Wednesday, 23 September 2009

My rambles are in shambles!

I wrote this a while ago:

I feel that there is a misconception by many people that I have a picture perfect idea of what I want and what my plans are. I don’t have a perfect idea. In fact, I only have the smallest tickle of a concept that float about in my mind. To be honest, I’m scared. Of a lot of silly things I suppose. But I’m scared nonetheless. And, since I’m not scared of a lot of other things, I’m going to use the ‘scareds’ that I’m entitled to on this. I’ve never really known what I wanted to do and I still don’t. I don’t really want to do medicine. I don’t want to do teaching. I don’t want to go to university. But then, I don’t want anything to be any other way either. I’m tired of trying to never make mistakes and of people believing that I do my assignments weeks in advance. I do a lot of things ‘just in case’. So, I see trying to finish things on time and do well in studies as another ‘just in case’. The main thing that got me through high school was thinking ‘if I do well now then I can get a good job and move out’. During school, I hated being at home. I would stay back longer at school, go to libraries, go to friend’s houses. When I was at home I’d go to bed before everyone else got home so I wouldn’t see them and then get up early while the house was still quietly mine. I was being silly of course. I should have tried harder right? To talk to others, sort out problems. I did try. Don’t think that I didn’t. But at the time, it was easiest to not feel caught up. I’m not particularly clever really or athletic or artistic. I really don’t think I am.

I wrote this today:

Despite much denial, I realise now I do not trust many of the people that I suppose I should and least of all myself. I don't believe anything I think. I don't believe my own opinion, what I hear, feel or think that I understand. I hope my tone isn't one of spite or anger because I really don't mean it that way. I'm sad, and scared and confused. I feel terribly alone. I want to believe in someone whole heartedly.

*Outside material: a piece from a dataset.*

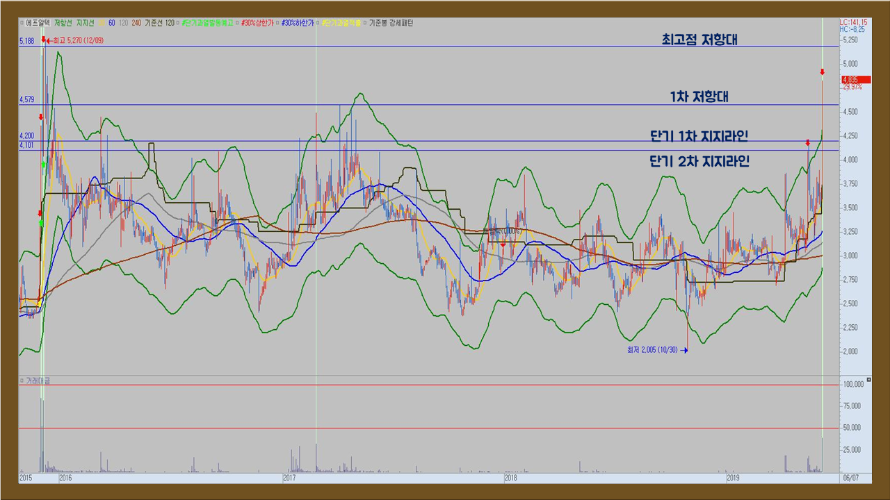 다만 위로 최고점 저항대가 존재하는데 이는 강력한 저항 대입니다. 만약 에프알텍의 주가가 최고점 저항대를 강하게 돌파한다면 추가 상승할 가능성이 있으나 그렇지 않다면 하락 추세로 돌변할 가능성이 높으니 투자에 신중을 기해야 합니다.

I want to believe that everything they say is true. I've never felt more frightened in my life. I'm too scared to hold on to any thoughts. I was scared to even form an opinion in this blog, to express my 'perspective'.

I'm so sorry for the way I was and probably still am. I am so so sorry. I'm sorry I couldn't be what you all deserved. I'm sorry I couldn't be what you all wanted. I'm sorry I still have no clue what I want. I'm sorry I don't function within what you expect. I'm sorry for saying sorry, then I guess I'm not really sorry.

I wish things were different. I hate having to wait although I know I probably should learn to wait. Don't tell me that.

Sometimes I wish I had someone to fall back on who would make me feel like they completely understood and just agreed with me even if I was raving on about something ridiculous. I wish I could then trust them enough to tell me when it was enough. I really need help.

2 comments:

madmooemily said...

You're human, most of us wander around hitting into walls and falling over furniture- i think the lucky ones finally stop doing that around 82... but hey...sometimes bruises turn into pretty colours :) I think that made sense in my head.....

xoxo

makemearedcape said...

I went through in my head...a lot of the things I could say. And eventually decided on nothing. I think these words say it perfectly for me...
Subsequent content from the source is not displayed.